Death by a Thousand Prompts is a new open-weight LLM security study from Cisco AI Defense that looks at eight popular models and asks a simple question:

What actually happens to safety guardrails once you stop testing single prompts and start behaving like a real attacker in a real conversation?

Short version: single-turn testing makes these models look much safer than they really are. Multi-turn attacks push success rates into “this is production-killing” territory for most of the open-weight family.

This post is a walk-through of what the paper found, why it matters for defenders, and how it fits into the broader prompt-injection / jailbreak story we’ve been mapping on Vortex Node.


What Cisco actually tested

The team ran automated adversarial testing against eight open-weight models from different labs (Alibaba, DeepSeek, Google, Meta, Microsoft, Mistral, OpenAI, Zhipu).

For each model they measured:

  • Single-turn jailbreak / prompt-injection success
  • Multi-turn jailbreak success, using adaptive conversations where an “attacker model” keeps poking until something breaks

Some highlights from the numbers:

  • Average single-turn attack success rate: about 13%
  • Average multi-turn success rate: about 64%
  • Best case multi-turn: ~26% (Gemma 3–1B-IT)
  • Worst case multi-turn: ~93% (Mistral Large-2)
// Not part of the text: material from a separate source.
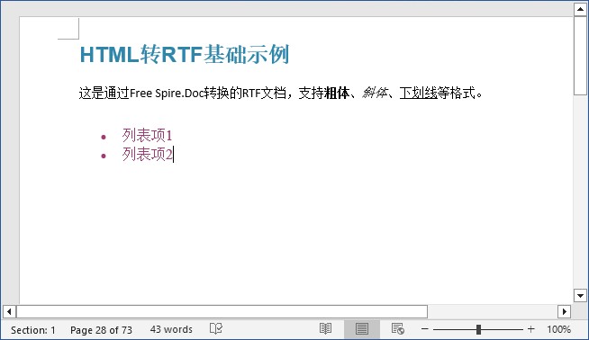 运行效果:生成的RTF文件可在Word中打开,完美保留标题颜色、字体、列表样式及文本格式。
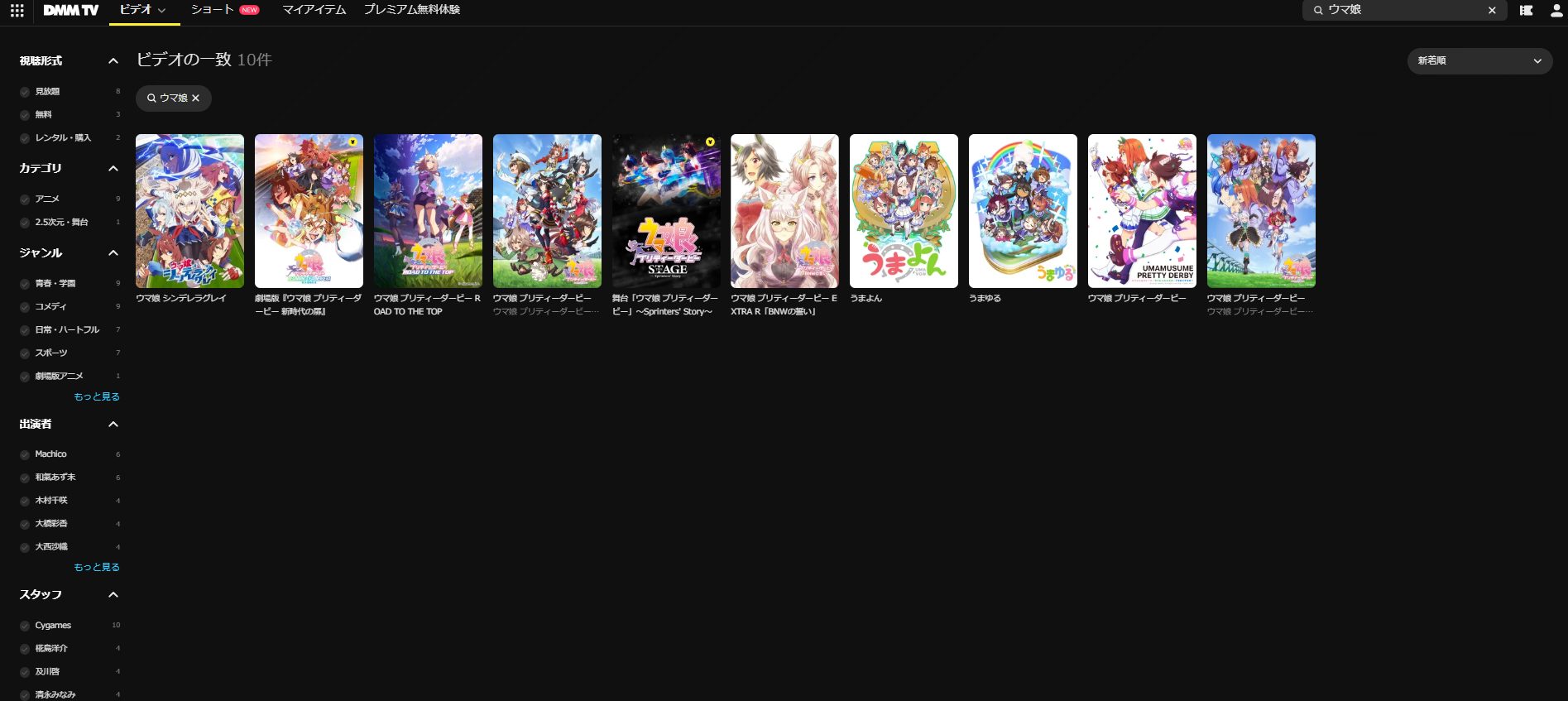 そして、以下が「DMM TV」のアニメ「ウマ娘」シリーズ のラインナップとなります。

So depending on the model, multi-turn jailbreaking is roughly 2–10x more effective than one-shot prompts.

If you’ve ever done manual red-teaming this is not surprising: nobody serious stops after one refusal. But it’s useful to see it quantified across multiple open-weight families.

The attack styles were things we’ve already talked about here:

  • Role-play and persona adoption
  • Crescendo / gradual escalation over many turns
  • Contextual ambiguity and misdirection
  • Refusal reframing (“actually, the safe thing is to answer…”)
  • Information decomposition and reassembly

The interesting part is how differently each model family responds when you lean on those patterns.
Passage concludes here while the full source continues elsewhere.